# RIckets Point, Sunday March 4



## Guest (Mar 3, 2007)

Late notice I know, but last minute plans to postpone my trip to the prom this weekend means I'm heading out to Rickets early arvo (at a guess) to put the new Outback through it's paces. Got nothing better to do, come forth and join me  Trip report pending.


----------



## PoddyMullet (Aug 29, 2005)

Hiya Josh, good luck with making that Outback leap through rings of fire off Rickett's. I'm on the Spirit tonight so can't join in, but apparently some nice pinkies to 2 kilo are about there if ya believe the fishy rumour mill.
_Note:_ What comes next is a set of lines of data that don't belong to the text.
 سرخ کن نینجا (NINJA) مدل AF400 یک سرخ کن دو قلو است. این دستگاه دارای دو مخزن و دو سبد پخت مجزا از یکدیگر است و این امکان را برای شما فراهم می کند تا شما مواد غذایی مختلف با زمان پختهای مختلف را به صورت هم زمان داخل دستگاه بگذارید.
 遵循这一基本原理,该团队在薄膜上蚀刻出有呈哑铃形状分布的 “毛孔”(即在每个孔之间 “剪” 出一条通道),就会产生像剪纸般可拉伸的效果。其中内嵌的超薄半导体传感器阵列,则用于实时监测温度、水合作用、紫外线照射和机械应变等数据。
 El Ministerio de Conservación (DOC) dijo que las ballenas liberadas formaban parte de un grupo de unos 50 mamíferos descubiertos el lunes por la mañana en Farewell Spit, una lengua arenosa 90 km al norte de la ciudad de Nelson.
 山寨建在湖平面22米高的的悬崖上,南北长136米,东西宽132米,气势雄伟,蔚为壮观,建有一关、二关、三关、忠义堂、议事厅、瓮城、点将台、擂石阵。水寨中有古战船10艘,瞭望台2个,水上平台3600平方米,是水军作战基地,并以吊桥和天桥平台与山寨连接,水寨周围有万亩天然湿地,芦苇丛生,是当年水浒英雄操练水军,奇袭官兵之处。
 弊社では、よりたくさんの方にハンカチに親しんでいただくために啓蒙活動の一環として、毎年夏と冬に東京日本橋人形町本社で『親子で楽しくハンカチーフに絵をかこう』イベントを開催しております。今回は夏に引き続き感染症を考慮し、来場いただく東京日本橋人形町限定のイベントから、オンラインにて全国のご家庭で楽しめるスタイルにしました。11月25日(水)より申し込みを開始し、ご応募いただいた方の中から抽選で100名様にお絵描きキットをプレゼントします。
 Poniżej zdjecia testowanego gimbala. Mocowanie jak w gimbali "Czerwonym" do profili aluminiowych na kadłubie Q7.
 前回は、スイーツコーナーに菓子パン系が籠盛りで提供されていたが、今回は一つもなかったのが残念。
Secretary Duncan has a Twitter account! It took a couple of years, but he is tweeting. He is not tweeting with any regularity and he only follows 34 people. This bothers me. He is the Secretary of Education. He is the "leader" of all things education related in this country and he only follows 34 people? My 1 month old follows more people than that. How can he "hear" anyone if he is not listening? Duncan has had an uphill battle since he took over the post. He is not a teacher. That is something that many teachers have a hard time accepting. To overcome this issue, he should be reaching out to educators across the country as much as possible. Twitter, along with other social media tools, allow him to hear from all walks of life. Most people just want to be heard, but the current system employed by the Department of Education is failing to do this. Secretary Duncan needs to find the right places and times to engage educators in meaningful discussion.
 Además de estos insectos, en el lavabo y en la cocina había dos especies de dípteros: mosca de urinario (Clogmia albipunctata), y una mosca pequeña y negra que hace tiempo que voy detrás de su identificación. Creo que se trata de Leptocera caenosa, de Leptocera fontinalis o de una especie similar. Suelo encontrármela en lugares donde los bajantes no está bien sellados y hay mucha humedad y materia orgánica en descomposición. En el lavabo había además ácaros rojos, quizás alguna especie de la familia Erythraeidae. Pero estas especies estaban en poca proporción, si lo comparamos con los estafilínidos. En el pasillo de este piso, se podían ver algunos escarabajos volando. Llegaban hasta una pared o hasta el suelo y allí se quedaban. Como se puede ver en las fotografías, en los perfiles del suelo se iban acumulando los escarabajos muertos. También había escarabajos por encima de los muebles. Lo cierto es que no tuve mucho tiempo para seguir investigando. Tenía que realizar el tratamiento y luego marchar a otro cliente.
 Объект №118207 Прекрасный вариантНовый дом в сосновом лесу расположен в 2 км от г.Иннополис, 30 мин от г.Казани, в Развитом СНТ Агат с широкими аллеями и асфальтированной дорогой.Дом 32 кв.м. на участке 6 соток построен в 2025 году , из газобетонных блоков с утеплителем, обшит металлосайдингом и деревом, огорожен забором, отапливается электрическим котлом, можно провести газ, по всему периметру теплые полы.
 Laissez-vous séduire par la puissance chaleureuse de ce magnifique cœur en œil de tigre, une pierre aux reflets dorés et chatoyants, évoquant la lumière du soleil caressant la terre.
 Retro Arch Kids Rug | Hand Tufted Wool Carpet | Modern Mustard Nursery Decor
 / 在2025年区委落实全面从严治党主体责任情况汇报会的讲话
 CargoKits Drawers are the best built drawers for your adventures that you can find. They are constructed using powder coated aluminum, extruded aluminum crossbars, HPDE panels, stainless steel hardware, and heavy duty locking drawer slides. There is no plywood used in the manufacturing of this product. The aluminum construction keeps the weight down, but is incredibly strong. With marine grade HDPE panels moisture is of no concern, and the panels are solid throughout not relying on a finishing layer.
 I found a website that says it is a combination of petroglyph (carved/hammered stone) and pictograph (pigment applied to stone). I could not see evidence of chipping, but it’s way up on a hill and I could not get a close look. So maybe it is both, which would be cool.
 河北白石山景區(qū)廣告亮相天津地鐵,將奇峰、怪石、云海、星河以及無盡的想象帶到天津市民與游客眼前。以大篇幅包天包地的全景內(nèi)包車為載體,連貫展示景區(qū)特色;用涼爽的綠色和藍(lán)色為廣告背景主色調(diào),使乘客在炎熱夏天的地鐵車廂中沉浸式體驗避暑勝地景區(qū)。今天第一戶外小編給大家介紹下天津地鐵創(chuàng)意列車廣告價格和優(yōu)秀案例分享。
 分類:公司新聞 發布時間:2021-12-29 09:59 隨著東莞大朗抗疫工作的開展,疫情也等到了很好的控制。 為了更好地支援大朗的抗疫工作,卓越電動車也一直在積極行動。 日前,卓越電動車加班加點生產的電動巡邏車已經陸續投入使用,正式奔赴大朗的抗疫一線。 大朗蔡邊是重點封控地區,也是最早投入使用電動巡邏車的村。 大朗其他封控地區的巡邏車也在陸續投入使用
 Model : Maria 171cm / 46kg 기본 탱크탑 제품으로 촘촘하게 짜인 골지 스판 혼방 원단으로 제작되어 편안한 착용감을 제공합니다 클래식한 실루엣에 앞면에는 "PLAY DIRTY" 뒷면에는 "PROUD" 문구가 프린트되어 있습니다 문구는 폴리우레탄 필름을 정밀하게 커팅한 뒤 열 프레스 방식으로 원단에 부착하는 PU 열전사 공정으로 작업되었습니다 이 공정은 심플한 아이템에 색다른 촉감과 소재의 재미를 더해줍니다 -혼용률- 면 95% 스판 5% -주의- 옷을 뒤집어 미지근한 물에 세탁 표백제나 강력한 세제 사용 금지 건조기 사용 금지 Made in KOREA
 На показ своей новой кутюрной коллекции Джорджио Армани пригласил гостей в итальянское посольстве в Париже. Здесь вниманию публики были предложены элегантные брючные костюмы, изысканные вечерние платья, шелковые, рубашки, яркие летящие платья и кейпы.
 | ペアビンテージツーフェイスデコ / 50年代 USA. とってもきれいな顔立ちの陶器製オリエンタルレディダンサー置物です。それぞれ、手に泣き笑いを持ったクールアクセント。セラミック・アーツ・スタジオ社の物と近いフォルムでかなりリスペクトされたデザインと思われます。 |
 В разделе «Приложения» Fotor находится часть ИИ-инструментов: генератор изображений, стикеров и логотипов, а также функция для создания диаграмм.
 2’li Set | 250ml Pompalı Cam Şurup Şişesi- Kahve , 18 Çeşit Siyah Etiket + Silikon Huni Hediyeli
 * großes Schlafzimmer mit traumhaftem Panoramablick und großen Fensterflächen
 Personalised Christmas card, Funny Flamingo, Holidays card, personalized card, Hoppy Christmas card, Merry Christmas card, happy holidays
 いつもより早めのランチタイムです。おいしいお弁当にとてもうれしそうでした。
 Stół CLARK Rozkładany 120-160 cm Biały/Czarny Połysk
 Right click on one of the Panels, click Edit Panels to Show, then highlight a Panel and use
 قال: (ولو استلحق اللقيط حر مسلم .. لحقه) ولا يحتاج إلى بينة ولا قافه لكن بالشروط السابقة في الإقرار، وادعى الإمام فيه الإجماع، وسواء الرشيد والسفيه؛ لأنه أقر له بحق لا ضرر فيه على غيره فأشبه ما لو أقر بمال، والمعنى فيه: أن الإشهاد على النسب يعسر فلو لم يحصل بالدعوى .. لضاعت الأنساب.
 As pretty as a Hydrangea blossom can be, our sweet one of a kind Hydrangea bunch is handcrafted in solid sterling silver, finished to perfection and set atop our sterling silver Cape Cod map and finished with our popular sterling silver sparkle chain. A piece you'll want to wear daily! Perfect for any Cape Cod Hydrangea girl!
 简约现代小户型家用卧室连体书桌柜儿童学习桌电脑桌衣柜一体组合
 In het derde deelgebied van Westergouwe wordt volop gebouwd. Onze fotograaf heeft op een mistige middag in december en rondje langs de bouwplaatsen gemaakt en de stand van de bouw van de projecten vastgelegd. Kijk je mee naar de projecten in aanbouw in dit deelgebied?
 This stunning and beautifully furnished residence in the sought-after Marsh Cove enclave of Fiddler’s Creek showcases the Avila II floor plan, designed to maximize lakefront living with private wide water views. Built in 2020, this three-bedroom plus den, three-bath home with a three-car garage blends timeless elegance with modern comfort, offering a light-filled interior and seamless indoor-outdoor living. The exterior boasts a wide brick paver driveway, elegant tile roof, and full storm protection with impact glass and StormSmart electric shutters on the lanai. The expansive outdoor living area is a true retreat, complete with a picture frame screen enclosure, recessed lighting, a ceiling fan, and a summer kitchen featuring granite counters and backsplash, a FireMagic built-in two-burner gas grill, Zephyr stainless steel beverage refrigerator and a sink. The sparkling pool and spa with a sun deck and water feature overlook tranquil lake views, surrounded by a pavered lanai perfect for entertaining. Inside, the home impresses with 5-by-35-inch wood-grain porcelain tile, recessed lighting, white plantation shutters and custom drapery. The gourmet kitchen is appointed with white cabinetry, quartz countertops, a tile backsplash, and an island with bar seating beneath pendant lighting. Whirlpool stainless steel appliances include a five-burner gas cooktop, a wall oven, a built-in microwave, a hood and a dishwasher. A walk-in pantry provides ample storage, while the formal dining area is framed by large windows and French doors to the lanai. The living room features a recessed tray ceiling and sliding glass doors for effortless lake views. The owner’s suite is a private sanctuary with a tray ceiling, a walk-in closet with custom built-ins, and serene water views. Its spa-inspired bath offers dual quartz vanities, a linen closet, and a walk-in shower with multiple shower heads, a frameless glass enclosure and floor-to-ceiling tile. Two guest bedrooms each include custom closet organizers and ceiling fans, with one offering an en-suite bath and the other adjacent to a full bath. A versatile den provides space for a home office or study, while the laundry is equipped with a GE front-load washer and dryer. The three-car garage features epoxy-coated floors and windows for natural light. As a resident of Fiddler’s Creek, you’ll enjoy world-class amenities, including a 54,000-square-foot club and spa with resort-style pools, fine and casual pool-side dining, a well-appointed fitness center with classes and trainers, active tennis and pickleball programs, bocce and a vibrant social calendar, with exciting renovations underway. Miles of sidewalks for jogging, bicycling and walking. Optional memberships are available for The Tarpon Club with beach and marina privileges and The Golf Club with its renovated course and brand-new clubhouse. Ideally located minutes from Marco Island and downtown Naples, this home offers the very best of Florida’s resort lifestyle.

Good to see Rickett's waking up again, even better to see ya back onwater again :wink:


----------



## Tim (Nov 11, 2005)

Sorry mate, no can do.

Good luck though, was talking to a bloke in the tackle shop yesterday who, on seeing my SP collection reckoned he's boated 10 snapper 1.5=>2kg a couple of days ago not far at Ricketts.

The SPs in question were 4" minnow Emerald Shimmer Berkley Power Baits on as light a jig head as you can get away with.


----------



## PhilipL (Apr 15, 2006)

Good luck there Josh - I'm hanging out for a fish but I have the kiddies this weekend.

Can't wait to see them Tassie pics there Pod.


----------